Speaking of the dominant pictorial language, we cannot avoid the topic of the role of puppets. Considering what was said before, could we perhaps go so far as to claim that the puppet in fact dictates the development of the story?
The puppet is the central character. Just as world-famous film stars determine the essence of a character, so do puppets, by deciding the character's spirituality. At the initial stage of the film, puppets are mere sketches, but they are two-dimensional and the puppet master has to make them three-dimensional later. A lot can change during this period, as quite a few details seem totally different in the two-dimensional world than they are in the three-dimensional. Adding a fourth dimension - time - we may find ourselves in a situation where some moments acquire completely different undertones than initially planned. This need not be all bad...

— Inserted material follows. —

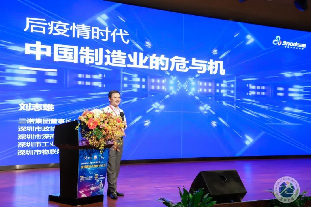 今年疫情发生后,三诺集团迅速行动、抗击疫情,转产造口罩,上演“深圳速度”。主题分享中,刘志雄介绍了三诺面对疫情的应对策略:在新的商业模式上,坚持独创的OPM模式,做全球“智造者”;在新的产业领域上,构建智慧健康生态链;在新的市场方向上,打造国产化计算机智造产业平台;在新的制造体系上,建设数字化灯塔工厂;在新的园区形态上,布局东盟跨境产业园。

The peculiarity and the secret power of puppet films thus lies in the fact that the world prepared by the artist and the world actually emerging in material form are largely rather unpredictable projects, because they deal with joining fantasy with reality. We can therefore predict the end result, although we can never totally envisage it. And once again, in the end the progress of the film's story will be directed to some extent by the puppet, to whom the animator gives life...
Can we thus say that writing the script, making all sorts of plans and designs and the storyboard, seems more like protection and prevention magic?
You can put it like that, yes, although I meant the general plan and not so much the nuances. In a sense we could say that the animated world is a peculiar world of dreams, where everybody has his own dreams, and the film-maker is like a good psychiatrist who examines social visions and dreams rather than personal ones. He mixes them up into a film that is then reflected back to the viewer. For that purpose, puppet masters and artists must work really hard to achieve a result close to the fantasy world in the head of the film's author. Of course the fantasy world is much wealthier and closer to perfection, as some losses in the process of making the puppets and the sets are inevitable. These losses are compensated for in various ways and are subservient to general aims... Each different film-maker in the world of animation has different ways of achieving that. This is what makes the animation world fascinating and, although it is possible to watch a film umpteen times, every film as an event is always still unique, magical and mysterious.
Mait Laas (1970) studied art and visual media in Tallinn and Vienna. He is a member of the literary group 14NÜ, the author of many books, and has participated in exhibitions of art and performance art. At the Nukufilm studio he has made about a dozen puppet films, including Trip to Nirvana, The Lightship Kulis with Paavo Matsin, and Generatio, which was a part of the international project of young film directors, Lost and Found.